A general spectral solver for the axisymmetric Jeans equations: fast galaxy modelling with arbitrary anisotropy
Michele Cappellari
TL;DR
This paper addresses the computational bottleneck in axisymmetric Jeans modelling by introducing a general spectral solver that can handle arbitrary anisotropy $\beta(r,\theta)$. The method solves directly for the radial velocity dispersion $\bar v_r^2$ on a logarithmic grid using Chebyshev collocation, and enforces asymptotic behavior via a Robin boundary condition, enabling exponential convergence with modest grid sizes. It recovers intrinsic moments with sub-percent accuracy and is orders of magnitude faster than traditional high-accuracy quadratures, with implementation designed for GPUs and integration into the JamPy package.

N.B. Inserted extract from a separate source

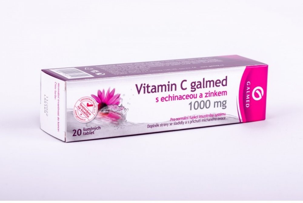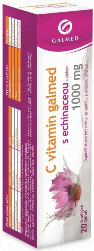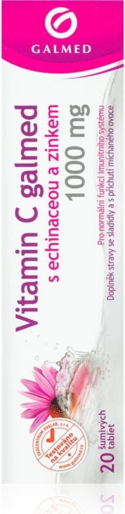 GALMED Vitamin C 1000 mg s echinaceou 20 šumivých tablet Vitamín C 1000mg s echinaceou a zinkem ve formě šumivé tablety. Doplněk stravy pro normální funkci imunitního systému. Bez lepku a alergenů.
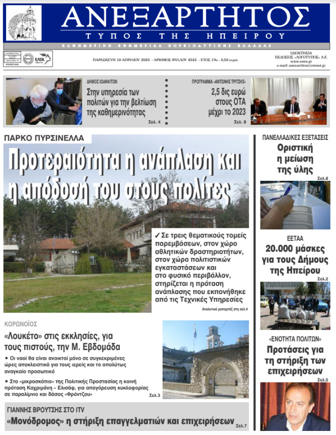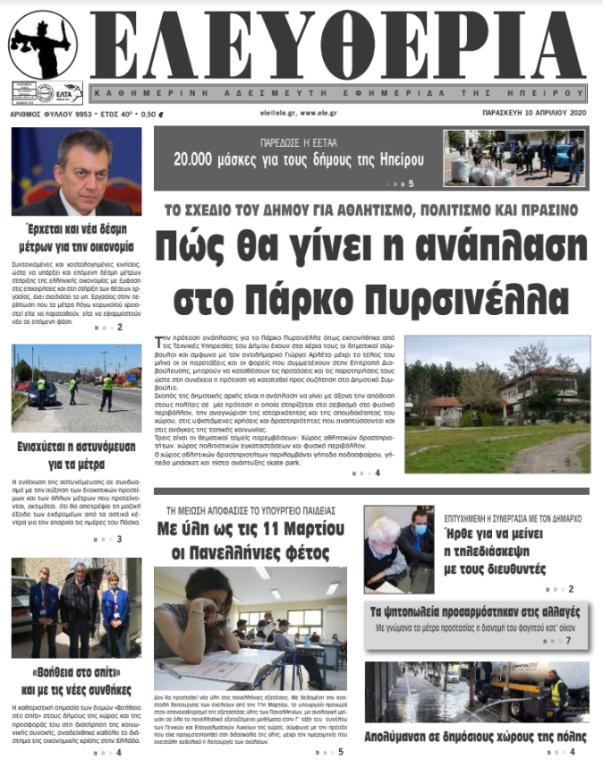ΑρχικήΕΙΔΗΣΕΙΣΗΠΕΙΡΟΣ ΗΠΕΙΡΟΣ Τα πρωτοσέλιδα των γιαννιώτικων εφημερίδων 10.04.2020 226 FacebookTwitterWhatsAppEmailΤυπώνωViber Διαβάστε στα πρωτοσέλιδα των γιαννιώτικων εφημερίδων σήμερα, Παρασκευή 10 Απριλίου. TagsΓΙΑΝΝΙΩΤΙΚΕΣ ΕΦΗΜΕΡΙΔΕΣΠΡΩΤΟΣΕΛΙΔΑ FacebookTwitterWhatsAppEmailΤυπώνωViber Προηγούμενο άρθροΠώς θα λειτουργήσουν τα καταστήματα τροφίμων το ΠάσχαΕπόμενο άρθροΟι τρεις άξονες για την στήριξη κρατών, εργαζομένων και επιχειρήσεων που αποφάσισε το Eurogroup ΣΧΕΤΙΚΑ ΑΡΘΡΑ Τα πρωτοσέλιδα των γιαννιώτικων εφημερίδων TOP STORIES 27.11.2025 Τα πρωτοσέλιδα των γιαννιώτικων εφημερίδων ΗΠΕΙΡΟΣ 26.11.2025 Τα πρωτοσέλιδα των γιαννιώτικων εφημερίδων ΗΠΕΙΡΟΣ 25.11.2025 Τα πρωτοσέλιδα των γιαννιώτικων εφημερίδων ΗΠΕΙΡΟΣ 22.11.2025 Τα πρωτοσέλιδα των γιαννιώτικων εφημερίδων ΗΠΕΙΡΟΣ 21.11.2025 Τα πρωτοσέλιδα των γιαννιώτικων εφημερίδων TOP STORIES 20.11.2025 ΣΤΗΝ ΙΔΙΑ ΚΑΤΗΓΟΡΙΑ Στο Μέτσοβο η Ολυμπιακή Φλόγα την Παρασκευή ΗΠΕΙΡΟΣ 27.11.2025 Σύλληψη για ηχορύπανση από κατάστημα διασκέδασης ΗΠΕΙΡΟΣ 27.11.2025 Δικογραφία για απάτη 3.000 ευρώ στην Άρτα ΗΠΕΙΡΟΣ 27.11.2025 Αιτήσεις για αποζημίωση πλημμυροπαθών στον Δήμο Ζηρού – Τα δικαιολογητικά ΗΠΕΙΡΟΣ 27.11.2025 Κατολίσθηση στην Άγναντα – Ανήσυχοι οι κάτοικοι ΗΠΕΙΡΟΣ 27.11.2025 Σε ετοιμότητα Περιφέρεια και δήμοι για το νέο κύμα κακοκαιρίας ΗΠΕΙΡΟΣ 27.11.2025 ΜΗ ΧΑΣΕΤΕ Μητσοτάκης: Αύριο η επιστροφή ενοικίου για 1 εκατ. πολίτες Πότε θα καταβληθούν οι συντάξεις Ιανουαρίου Κατολίσθηση στην Άγναντα – Ανήσυχοι οι κάτοικοι Σε ετοιμότητα Περιφέρεια και δήμοι για το νέο κύμα κακοκαιρίας Κατηγορίες κατά του Δήμου για αδιαφορία μετά την πτώση δέντρου ΔΗΜΟΦΙΛΗ Πιερρακάκης: Πώς η ανάκαμψη της Ελλάδας μπορεί να αποτελέσει έμπνευση για την Ευρώπη Υπουργείο Εργασίας: 12 ερωτήσεις και απαντήσεις για την κοινωνική συμφωνία Μητσοτάκης: Αύριο η επιστροφή ενοικίου για 1 εκατ. πολίτες Στήνουν μπλόκο στον Ε-65 οι αγρότες της Καρδίτσας την Κυριακή Άνοιγμα με πτώση 0,14% στο Χρηματιστήριο Αθηνών

Validations against analytic isotropic solutions and comparisons with JAM_sph show the solver's accuracy across regimes, including high central cusps and varying anisotropy, making it a robust, scalable tool for exploring large parameter spaces in galaxy dynamics.
Abstract
Dynamical modelling is a fundamental tool for measuring galaxy masses and density profiles in the era of large integral-field spectroscopic surveys and Bayesian inference. Solutions based on the Jeans equations are popular due to their robustness and computational efficiency. However, traditional semi-analytic Jeans solvers often require restrictive assumptions about the velocity anisotropy to remain computationally tractable. This paper presents a new spectral solver for the axisymmetric Jeans equations designed to overcome these limitations. I first illustrate, using orbit integrations in realistic potentials, that spherical alignment of the velocity ellipsoid is a physically well-motivated approximation for galaxy modelling. The new method employs a spectral technique to solve the Jeans partial differential equations directly. Two design choices are critical for accuracy and speed: (i) solving for the slowly-varying velocity dispersion rather than the rapidly varying pressure, and (ii) imposing a Robin boundary condition to enforce the asymptotic decay on a finite domain. This formulation supports arbitrary anisotropy distributions beta(r, theta) while simultaneously increasing computational speed by orders of magnitude compared to standard high-accuracy quadratures. Validated against exact analytic benchmarks, the solver recovers intrinsic moments with sub-percent accuracy. The implementation will be included in the public JamPy package and is structured to be optimally suited for massive parallelization on specialized hardware such as GPUs, enabling the rigorous exploration of complex parameter spaces.